VoxForge
I'm not sure if this is a dumb question:
Could subtitled videos (with .srt files, for example) be used as a huge existing pool of transcribed speech? The extraneous symbols ([swish],[whisper], etc.) would have to be removed, but it seems like simple code.
If copyright laws would prevent the above, could a public domain source of transcribed audio be used? The English Parliament (from England) has an archive back to 2009 of their parliamentary debates in both houses, both televised and transcribed, with time markers every 2 minutes or so. (I looked at a small sample, but there does seem to be many hours recorded). I realize that this would not be ideal for American users to train the language recognition software on English voices, but I'm sure their is a similarly progressive state legislature somewhere. Has this already been considered?

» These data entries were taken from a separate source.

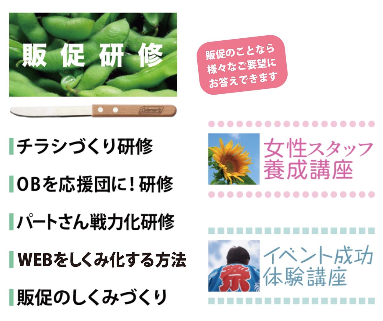 マーケティングや販売促進の内容であれば、リクエストにお答えする研修メニューを作成し、対応させていただきます。
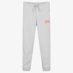 Black joggers for teen boys by MSGM, with a bold orange logo print on one leg. Made in soft, mid-weight cotton jersey, they are fleecy on the inside for extra warmth. They have concealed side seam pockets and a back patch pocket. There is a useful drawstring waist for a comfortable fit and a colourful logo patch on the back for a bright designer finish.
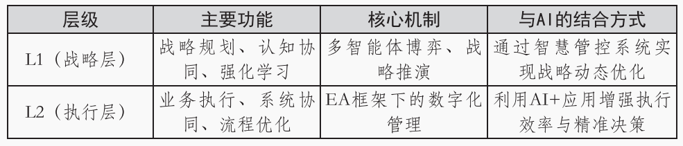雙層聯(lián)動(dòng)是在傳統(tǒng)企業(yè)架構(gòu)框架基礎(chǔ)上,嵌入智慧管控系統(tǒng)理念,形成L1(戰(zhàn)略學(xué)習(xí)層)與L2(執(zhí)行實(shí)施層)的雙層結(jié)構(gòu),使戰(zhàn)略規(guī)劃、業(yè)務(wù)執(zhí)行與認(rèn)知反饋能夠形成強(qiáng)化學(xué)習(xí)循環(huán)。
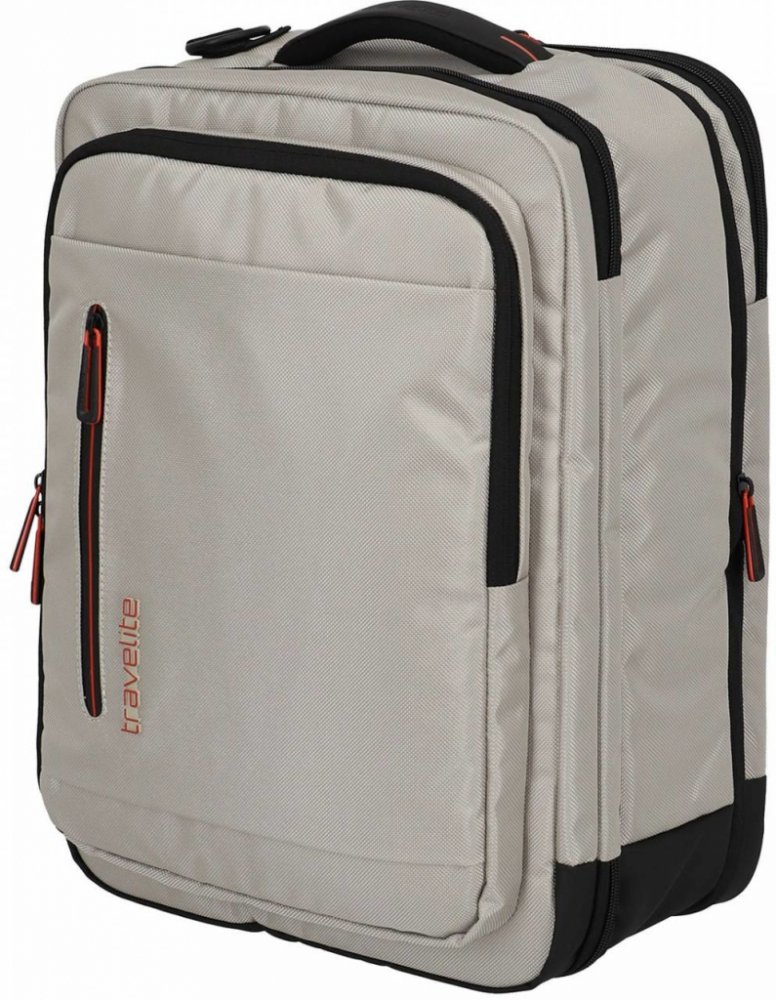 Dvoukomorová palubní taška a palubní batoh v jednom z řady Travelite Crosslite 5.0 - Díky chytře navrženému designu se do hlavní komory přehledně vejde nejen oblečení, ale i náhradní obuv, cestovní ručník či kosmetická taštička. Zadní komora hravě pojme 15,6" notebook. Do přední kapsy můžete uložit příslušenství, tablet, letenku, peněženku s doklady, cestovní pas, mobil a klíče. Pokud byste potřebovali více úložného prostoru, stačí rozepnout zip expandéru. Komfortní polstrování zad umožní pohodlné nošení na zádech jako batoh. Ramenní popruhy lze ale kdykoli odepnout a udělat z batohu tašku přes rameno nebo do ruky, kterou můžete také nasadit a vézt na výsuvném madle cestovního kufru.
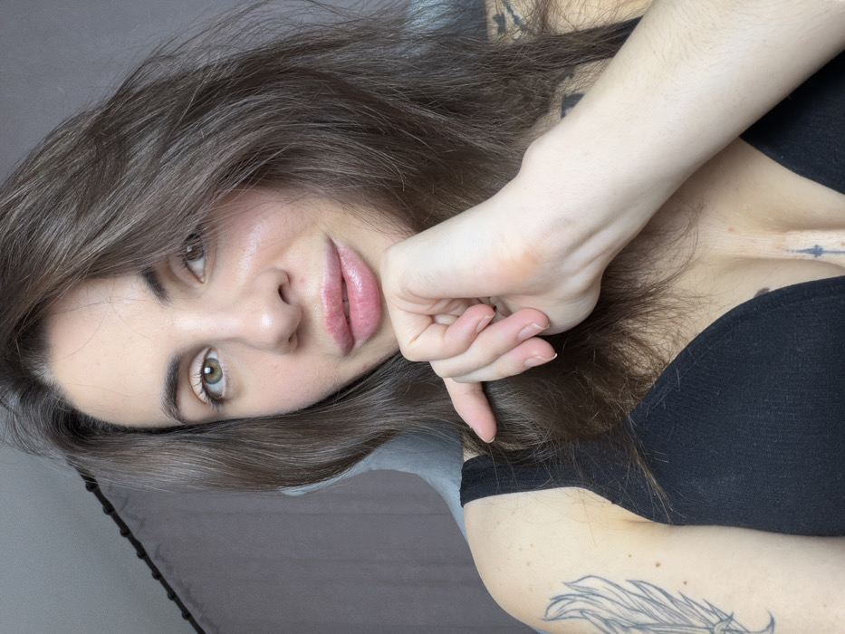 The image displays a close-up portrait of a female subject, stated to be located in the city of Murom, Russia. The subject has long, brown hair falling over her shoulders and back. Her eyes are light green/hazel, directly facing the camera. Her complexion is fair, and she has full lips. Her right hand is positioned with fingers curled, resting against her chin or jawline. She is wearing a black bra or bralette, revealing a visible tattoo of a winged design on her left upper arm/shoulder and a vertical, dagger-like motif on her sternum between the bra cups. A darker, less discernible tattoo is partially visible on her right upper arm, beneath her hair. The background is a plain, light grey wall or curtain, with a faint dark vertical line on the far left and a light grey object, possibly a chair back, behind her left shoulder.
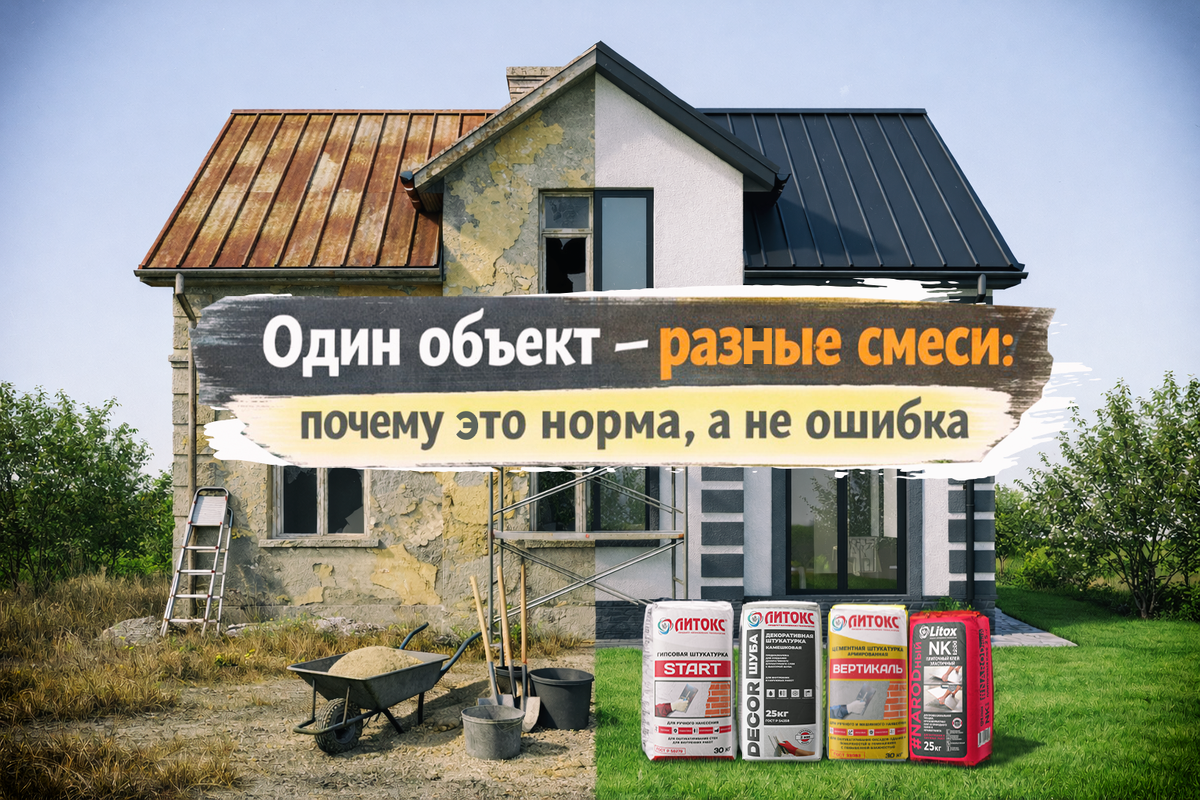 Когда на объекте подрядчик или мастер видит, что для одной квартиры/дома/фасада требуется несколько видов сухих смесей — многие удивляются. «Почему нельзя взять одну универсальную?» — частый вопрос. Ответ прост и практичен: разные задачи требуют разных инструментов. Это нормально, это профессионально — и именно так достигается долговечность и экономия в долгосрочной перспективе. На одном объекте обычно встречаются разные поверхности и условия: Каждая из этих ситуаций предъявляет свои требования к составу смеси: прочность, эластичность, влагостойкость, морозостойкость, адгезия, толщина слоя и скорость набора прочности. Поэтому набор из штукатурок, шпаклёвок, плиточных клеев, ровнителей, гидроизоляций и грунтовок — это нормальная практическая «сборка» системы, а не признак неопытности. С ассортиментом ТМ «Литокс» можно покрыть все эти базовые потребности: штукатурки, декоративные покрытия, шпатлёвки, плиточные клеи, ровнители и наливные полы, гидроизоляция, ремонтные смеси, краски и гру

--- (Edited on 1/6/2011 8:30 pm [GMT-0600] by Visitor) ---
Hi SamA,
>I'm not sure if this is a dumb question:
not at all
>If copyright laws would prevent the above,
Copyright is the limiting factor for many of these sources.
>The English Parliament (from England) has an archive back to 2009 of their
>parliamentary debates in both houses,
Thanks for pointing out this additional source of recorded/transcribed speech.
I've been collecting a list of possible sources of speech audio here. I will add it there.
Ken
--- (Edited on 1/6/2011 11:08 pm [GMT-0500] by kmaclean) ---